There Is No Exchange! (11.15.05--Heart and Soul!--2 Chronicles15:14-15)
Life is full of the tentative. It would seem that the ability to be decisive is fast becoming a relic; replaced instead with a sleek, stream-lined, today’s-age, model that places indecisiveness as the norm and decisiveness as the archaic and irrelevant.
There was a day when a man went into a hardware store for a screw or a part and he went there with the conviction to get the right thing; to make one purchase without the thought of having to make a return transaction. That was a day when returning something because you had purchased incorrectly was something to be avoided. Having to go back to the store, hat in hand, with the wrong purchase item was an embarrassment. It meant that you, perhaps, had made the purchase in error--that you had not put adequate planning or understanding into the decision to select that item. “May I return this?” This was a real question, not a foregone conclusion. It was uttered in apology, not a bland expectation that somehow you had the right to be wrong. Being committed to do what was right in the first place meant that this was not only a “head” purchase but that it was also a “heart” purchase.
Pliny the Elder, was a Roman writer who lived during the same time period as Jesus. He told a story of the setting of an obelisk, which when erect would stand 99 feet tall. Twenty thousand workers where chosen to pull on the ropes and activate the hoisting apparatus. There was great responsibility and risk in the operation. Just one error could cause the obelisk to fall, ruining years of work. The King demanded one act which insured the complete attention and best direction of the engineer. He ordered the engineer’s own son to be strapped to the apex of the obelisk, so that his heart as well as his head would be given to the task. (Pulpit Helps, August, 1992, p. 14.)

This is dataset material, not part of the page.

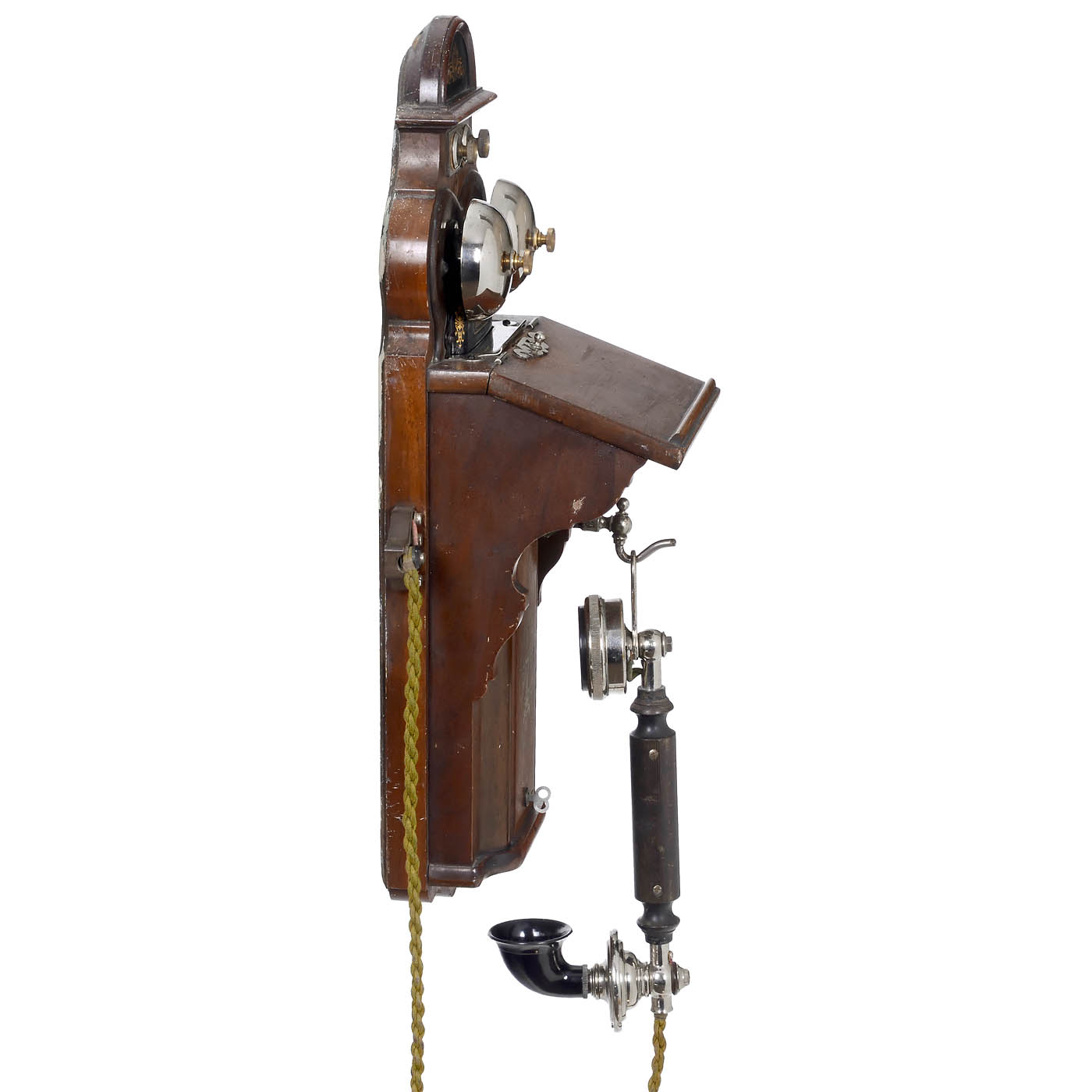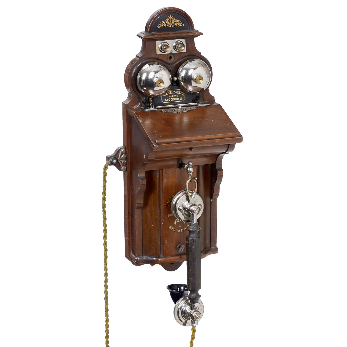 No. 755410, L.M. Ericsson, Stockholm, Sweden, small and narrow model, walnut case, attractive Ericsson transfers, writing slope, cradle under the desk, handset with speaking horn, small battery compartment, double bell, lightning protection, good original condition. A rare model not illustrated in the Ericsson catalogs.

Commitment means becoming a part of what we do not just accessory to it. When we make a decision to follow some course of action, it should be a decision based on head and heart knowledge. Sure, there will always be the possibility of error in this life. Sometimes we buy the wrong screw because we made a genuine mistake. That happens. But, to live life as if it is something that we can nonchalantly “return” if we don’t like it, is not wise. Being tentative and indecisive may be the way of the world but it is not the way of the Cross. Each of us needs to take responsibility for how we live our lives. That means we need to take each day, each hour, every minute and second seriously. This is the only life we have and there is no going back to exchange it for another.